To do this, he launched into a little science experiment. A 33 year-old New Yorker in excellent health, he would eat nothing but McDonald's for an entire month, to gauge the effects on his body. Breakfast, lunch, and dinner at McDonald's and whenever they asked him to supersize, he would have to accept.

Before starting, he consulted three doctors, a cardiologist, a gastroenterologist, and a general practitioner, all of whom said this experiment obviously wouldn't be GOOD for him, but that the damages would be minimal.
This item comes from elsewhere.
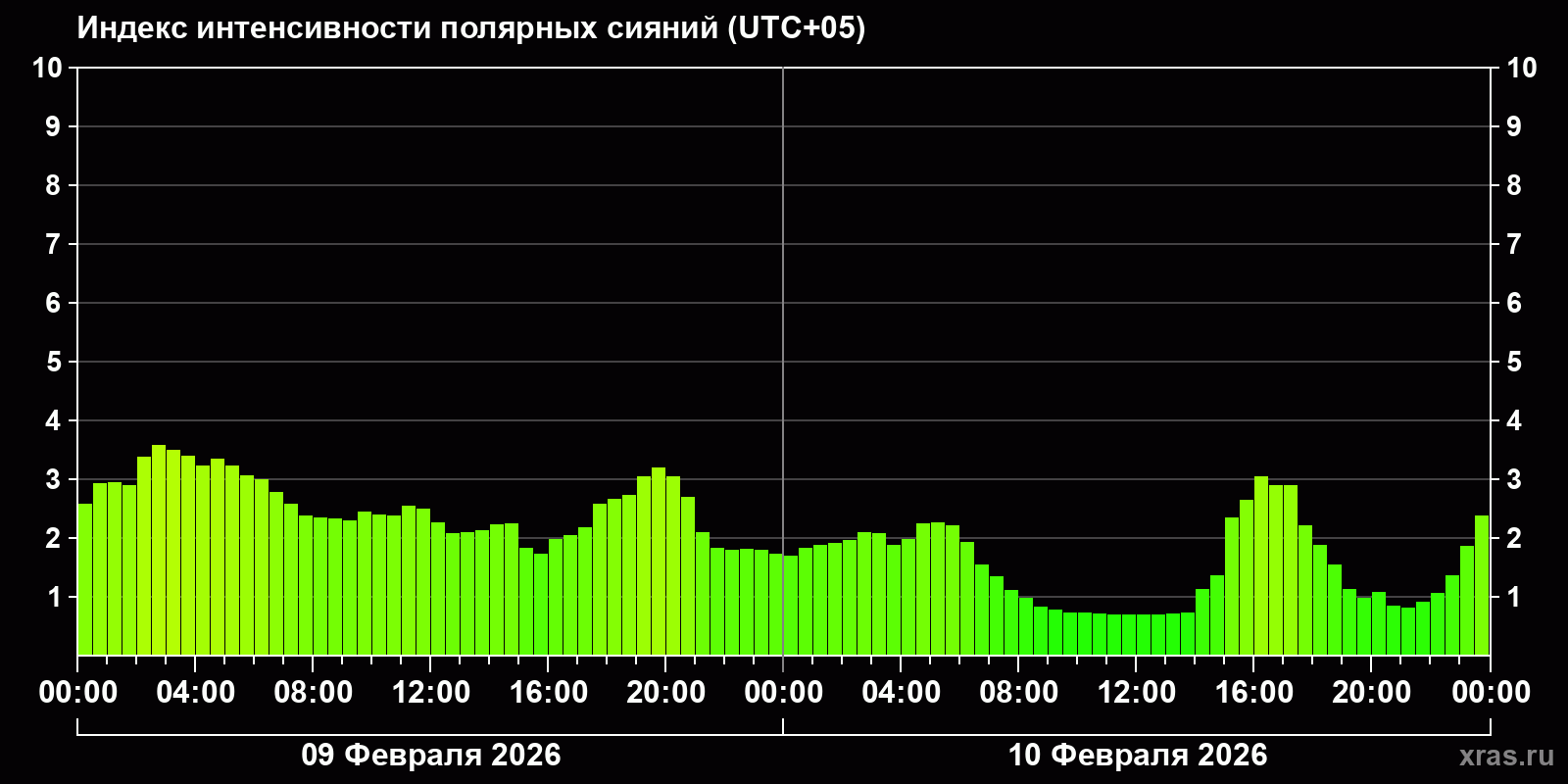 Изменения индекса интенсивности полярных сияний с 2026-02-09 по 2026-02-10 по местному времени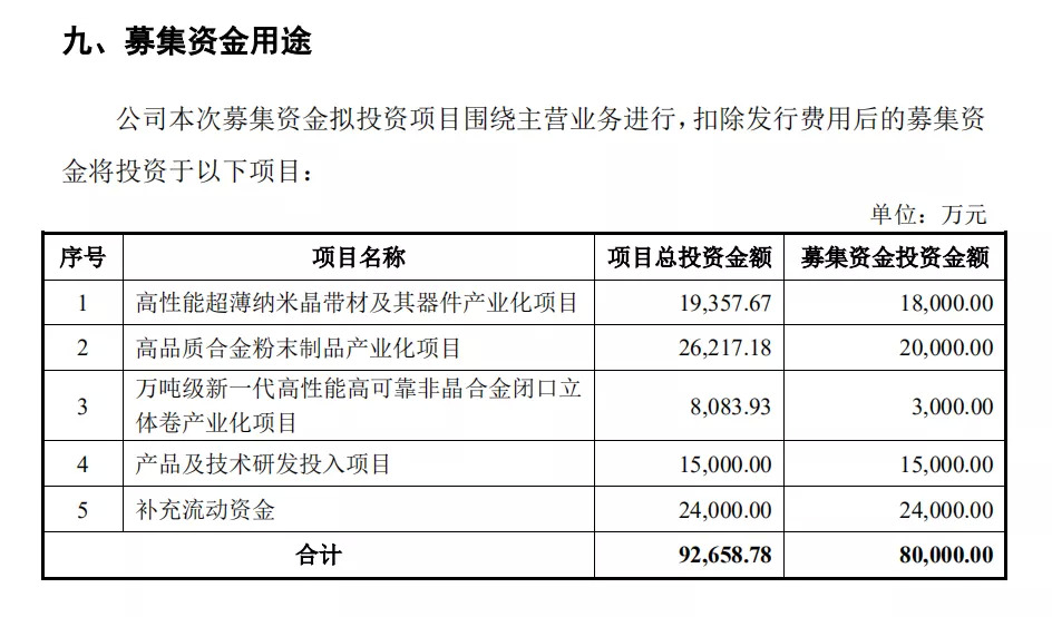 良好的市场前景,在青岛云路本次IPO募集资金的安排上有着充分体现。招股说明书(注册稿)显示,青岛云路此次IPO拟发行不超过3000万股,预计募集到的8亿元资金将全部用于主营业务发展,其中1.80亿元(占总募资的22.50%)投向高性能超薄纳米晶带材及其器件产业化项目。

Instead, the results were pretty shocking. Spurlock gained almost 30 pounds (over 10 in the first week), saw his cholesterol skyrocket, and experienced frequent nausea, chest pains, mood swings and loss of sex drive.

During this month he also drove around the country, interviewing several different people on the topic (including a "Big Mac enthusiast" who has eaten over 19,000 Big Macs). His research on our fast food culture definitely yields some interesting information, especially when he interviews a group of 1st-graders, and more of them can identify Ronald McDonald than Jesus or George Washington.

"Super Size Me" isn't perfect. It's a little repetitive and has a certain thinness to it (no pun intended!) that prevents it from being one of the truly great comedic documentaries of recent years like "American Movie" or "Bowling For Columbine".

But even if it falls short of greatness, it's an entertaining and thought-provoking film (especially if you're, uh...not thin).

Spurlock is a witty and engaging host (sort of like Michael Moore but not as much of a windbag), and I also liked his girlfriend (a vegan chef!) who looks on his experiment with a mixture of amusement, horror, and dismay. Just like we do.